__PROBLEM STATEMENT__
Emit the data below verbatim, stripping out any pictures.

__DATA BELOW__
-=-=-=-=-

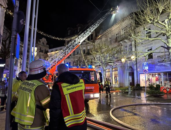 Baden-Baden. Am Samstagabend, 7. Dezember 2024, ist die Feuerwehr Baden-Baden um 18.08 Uhr zu einem Dachstuhlbrand in der Lichtentaler Straße in der Innenstadt von Baden-Baden gerufen worden.
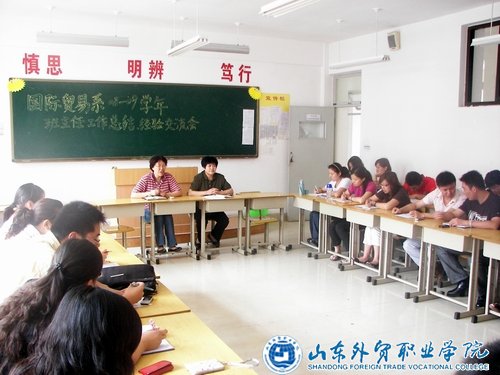 6月18日中午,国际贸易系在2号教学楼B203教室召开08-09学年班主任工作总结、经验交流会。系主任刘静华、国贸系全体班主任、辅导员参加了会议,会议由国贸系党总支书记韩淑君主持。
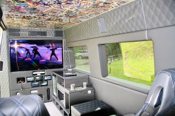 Louis Tomlinson Scooby Doo Van. Play Station, X-Box, Super Nintendo, Atari, Wi, X5 CCTV Cameras, 56'' Sony Bravia TV, Bentley Interior, Underfloor Heating, Air-Conditioning, Laser Show, 7.2 Surround Sound System, Sony Amplifier, Fridge, Microwave, Water Pistols, Foot Stools, Intercom System To Driver, Loudspeaker, This Really Has Been Kitted Out To The Highest Of Standards, Take A Look On You Tube at https://www.youtube.com/watch?v=NbsRNAcmdus Camper Van

-=-=-=-=-

__RESPONSE FOR THIS EXERCISE__
 Baden-Baden. Am Samstagabend, 7. Dezember 2024, ist die Feuerwehr Baden-Baden um 18.08 Uhr zu einem Dachstuhlbrand in der Lichtentaler Straße in der Innenstadt von Baden-Baden gerufen worden.
 6月18日中午,国际贸易系在2号教学楼B203教室召开08-09学年班主任工作总结、经验交流会。系主任刘静华、国贸系全体班主任、辅导员参加了会议,会议由国贸系党总支书记韩淑君主持。
 Louis Tomlinson Scooby Doo Van. Play Station, X-Box, Super Nintendo, Atari, Wi, X5 CCTV Cameras, 56'' Sony Bravia TV, Bentley Interior, Underfloor Heating, Air-Conditioning, Laser Show, 7.2 Surround Sound System, Sony Amplifier, Fridge, Microwave, Water Pistols, Foot Stools, Intercom System To Driver, Loudspeaker, This Really Has Been Kitted Out To The Highest Of Standards, Take A Look On You Tube at https://www.youtube.com/watch?v=NbsRNAcmdus Camper Van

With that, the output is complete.